Perhaps I'm misunderstanding how to use offsets? Obviously, I could solve this by keeping the NaN in the original value
column and just use the window parameter, but offsets seem quite useful.
就其价值而言,如果我使用 DateTimeIndex 生成每小时数据,事情似乎按预期工作(即每 12 小时使用数据的2D"偏移量在丢失的行中给出正确答案).
For what its worth, if I generate Hourly data with a DateTimeIndex, things seem to work as expected (i.e. a '2D' offset with data every 12 hours gives the correct answer across missing rows).
Here is a function that gives you the rolling sum of a specified number of months.

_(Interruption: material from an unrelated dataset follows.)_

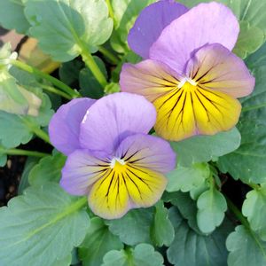 こんにちは😊 ① ビオラ 天使の誘惑とパンプキン ぎゅっと合わせて植え付けたもの。くっつけて植えたらしっかり育つとYouTubeで見かけたもので… 良さそうな事は真似してみる😆 ② 初ハンギングのビオラたち もともと小さい株だったけど、葉っぱは育ってきた 陽の当たる上向きが開花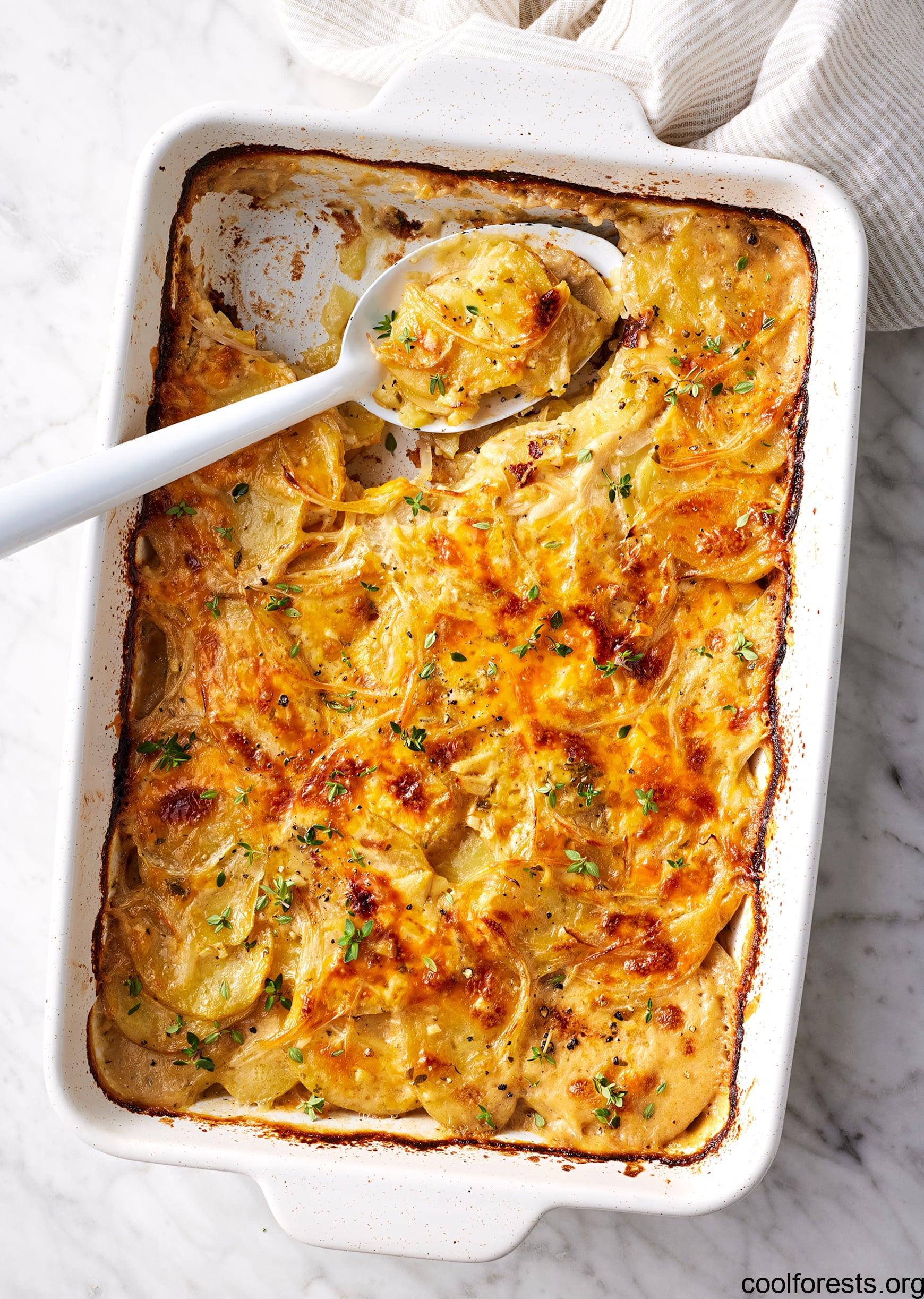 I know some readers will point out that because this dish includes cheese, it’s technically potatoes au gratin. Traditional scalloped potatoes are baked in a milk or cream sauce without cheese.

You did not provide variable 'dt' in your code above so I just created a list of datetimes (code included).
from datetime import datetime
from dateutil.relativedelta import relativedelta
import pandas as pd
import numpy as np
import random
def date_range(start_date, end_date, increment, period):
result = []
nxt = start_date
delta = relativedelta(**{period:increment})
while nxt <= end_date:
nxt += delta
return result
def MonthRollSum(df, offset, sumColumn):
#must have DateTimeIndex
df2 = df.copy()
df2.index = df2.index + pd.DateOffset(days = -offset)
return df2.groupby([df2.index.year, df2.index.month])[sumColumn].sum()
# added this part to generate the dt list for 8hour interval for 1000 days
start_date = datetime.now()
end_date = start_date + relativedelta(days=1000)
end_date = end_date.replace(hour=19, minute=0, second=0, microsecond=0)
dt = date_range(start_date, end_date, 8, 'hours')
# the following was given by the questioner
dft = pd.DataFrame(np.random.randint(0,10,size=len(dt)),index=dt)
dft.columns = ['value']
dft['value'] = np.where(dft['value'] < 3,np.nan,dft['value'])
dft = dft.dropna()
# Call the solution function
dft = MonthRollSum(dft, 2, 'value')
The results many vary because the initial list of value is randomly generated:
2021 2 290.0
3 379.0
4 414.0
5 368.0
6 325.0
7 405.0
8 425.0
9 380.0
10 393.0
11 370.0
12 419.0
2022 1 377.0
2 275.0
3 334.0
4 350.0
5 395.0
6 376.0
7 420.0
8 419.0
9 359.0
10 328.0
11 394.0
12 345.0
2023 1 381.0
2 335.0
3 352.0
4 355.0
5 376.0
6 350.0
7 401.0
8 443.0
9 394.0
10 394.0
这篇关于具有每月偏移量的 pandas 滚动()函数的文章就介绍到这了,希望我们推荐的答案对大家有所帮助,也希望大家多多支持!